Yusril: Hanya Pemerintah yang Bisa Bubarkan Partai yang Terlibat Korupsi
Dalam Pasal 68 UU MK menyatakan, MK berwenang memutus perkara parpol apabila asas, ideologi serta kegiatan parpol itu bertentangan dengan UUD 1945
Laporan Wartawan Tribunnews.com, Rizal Bomantama
TRIBUNNEWS.COM, JAKARTA - Pakar hukum tata negara Yusril Ihza Mahendra menyatakan hanya pemerintah yang memiliki kewenangan untuk memerintahkan MK (Mahkamah Konstitusi) untuk menyidangkan perkara pembubaran partai politik yang diduga ikut menikmati uang hasil korupsi.
Hal itu diungkapkannya berdasarkan fakta persidangan kasus korupsi proyek KTP Elektronik (KTP-el) yang menyebutkan partai politik ikut menikmati uang hasil korupsi KTP-el yang ditaksir mencapai angka Rp 2,3 triliun dari nilai proyek yang mencapai Rp 5,9 triliun.
“Yang memutuskan parpol bubar atau tidak bukan lah Mahkamah Agung dalam hal perkara pidana, tetapi MK dalam perkara yang lain yaitu perkaran pembubaran parpol. Sementara MK hanya bisa menyidangkan perkara pembubaran parpol jika ada permintaan dari pemerintah menurut Pasal 68 UU MK dan Peraturan MK No 12 Tahun 2014 yang memiliki legal standing untuk mengajukan perkara pembubaran parpol,” ujarnya di Jakarta, Senin (26/3/2018).

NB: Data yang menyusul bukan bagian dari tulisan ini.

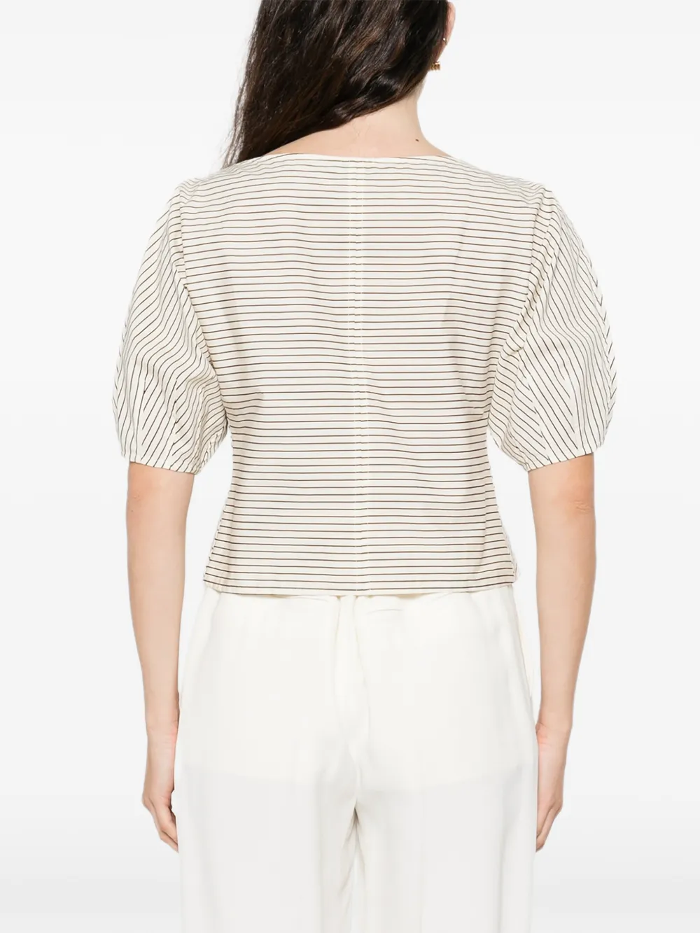 Полосатый топ цвета слоновой кости с вырезом-лодочка и рукавами до локтя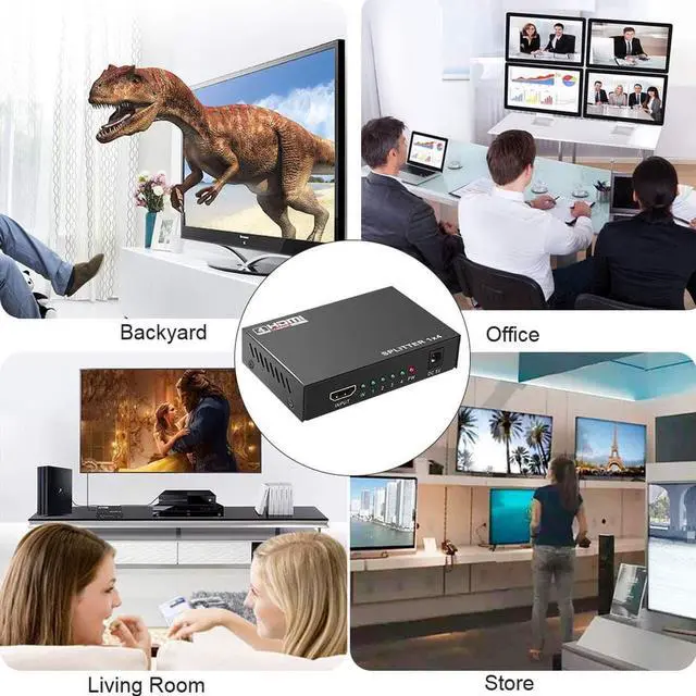This HDMI splitter 1 in 4 out can simultaneously streams video signal and audio signal from 1 HDMI devices to 4 HDMI displays, showing a superb picture quality and smooth sound. There is no flash, no lag, or drop in resolution.

Baca: Novanto Sebut Nama Baru Terkait Proyek KTP-el, Golkar Minta KPK Tidak Tebang Pilih
Jika dilihat dari sudut padang hukum pidana, Yusril mengatakan apabila sebuah parpol terbukti ikut menikmati hasil korupsi maka yang dijatuhi hukuman adalah pimpinannya, sementara parpolnya tidak otomatis bubar.
Yusril menjelaskan bahwa dalam Pasal 68 UU MK menyatakan bahwa MK berwenang memutus perkara parpol apabila asas, ideologi serta kegiatan parpol itu bertentangan dengan UUD 1945.
“Walaupun masih menjadi pertanyaan apakah MK bisa memutus perkara pembubaran parpol dengan alasan kegiatannya tidak sesuai UUD 1945,” imbuhnya.
Baca: Sekjen PDIP: Apa yang Disampaikan Setnov Hanya Kepura Puraan Saja
Yusril juga mengakui bahwa masalah tersebut merupakan hal yang cukup rumit saat dibahas dalam RUU Perubahan UU Tipikor No 31 Tahun 1999.
“Saya adalah orang yang mewakili presiden saat itu untuk membahas RUU Perubahan UU Tipikor No 31 Tahun 1999 dan pembahasan RUU MK bersama DPR RI dan saya menyadari betapa rumitnya menuangkan hal tersebut dalam konstitusi. Tapi UU Tipikor kemudian memberi wewenang bagi penegak hukum untuk menyidik kejahatan korporasi seperti dugaan terlibatnya partak politik dalam kasus korupsi sehingga pimpinannya bisa dituntut, dadili, dan dihukum,” pungkasnya.